相続対策に利用できる基礎控除や特例制度
相続を受ける場合に心配になるのが相続税のことです。実際にどのくらい税金がかかるのか、払えるかなど不安を感じる場合も多いでしょうが、実際にところは9割以上相続税がかかっていないのが現状です。相続税がかかる場合でも、特例やその他制度が適用になれば税額を下げることが可能です。
相続税の基礎控除
財産を相続した際に、課税対象となる額は相続税の基礎控除を超えた場合のみです。相続税の基礎控除の額は、平成27年1月から4割ほど減額となりました。算出方法は、
3,000万円+(法定相続人の人数×600万円)
で計算します。法定相続人とはもしも相続放棄をした人がいても数に含まれます。亡くなった人(被相続人)に養子がいる場合、法定相続人として含める養子の数は、被相続人に実子がいる場合は1人、いない場合は2人が対象です。相続した額が基礎控除額以下の場合、相続税はかかりません。
相続税がかかる人はどのくらい?
発生している相続で、相続税がかかっている人は全体の6%程度です。相続の9割以上が基礎控除以下で相続税を納める必要が発生していません。
配偶者の税額軽減制度について
配偶者は原則相続税を納付しなくても良いように相続税の軽減規定があります。その理由としては、被相続人の財産維持形成には配偶者の貢献も関わるということ、同世帯で財産が移転するということ、生活保障を行う必要があるということ、次の相続開始時期が比較的早いことなどです。

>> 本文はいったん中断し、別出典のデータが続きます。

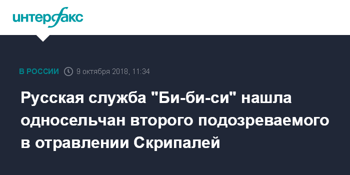 Москва. 9 октября. INTERFAX.RU - Русская служба "Би-би-си" утверждает, что отыскала односельчан Александра Мишкина, которого СМИ называют офицером ГРУ Александром Петровым, подозреваемым в Великобритании в отравлении экс-полковника ГРУ Сергея Скрипаля и его дочери Юлии.

配偶者の軽減規定は、配偶者の取得額が配偶者の法定相続分以下であれば配偶者に相続税は課税されません。また、配偶者の取得額が配偶者の法定相続分を超えている場合でも、取得額が1億6千万円までの部分には課税されません。
小規模宅地等の特例について
一定の要件のもとで、居住用宅地は330㎡、事業用宅地は400㎡までの土地については、評価額が50%もしくは80%減額される制度が小規模宅地等の特例制度です。相続開始直前の土地の利用形態によって、この制度に適用するのかしないのかが変わります。相続財産の大半を占める土地の相続が関わる制度ですので、対象になるのかならないのかで相続税が大きく違ってきます。
生命保険・退職金の非課税枠
生命保険や退職金を法定相続人が受け取った場合、相続税が非課税になる枠が設定されています。算出方法は、
法定相続人×500万円
で計算します。
様々な相続税の対策方法を理解しましょう
税制改正により、相続税の基礎控除は引き下げがありましたし、相続税率は引き上げられました。それにより納税者の負担は増えましたが、小規模宅地の特例の適用拡大、未成年者控除および障害者控除の引き上げなどにより税額を下げることができる改正も行われています。他にも配偶者は税額が原則発生しないような制度や、生命保険などを受け取った際にも非課税枠が設けられているなど相続税対策は様々な形で行うことができます。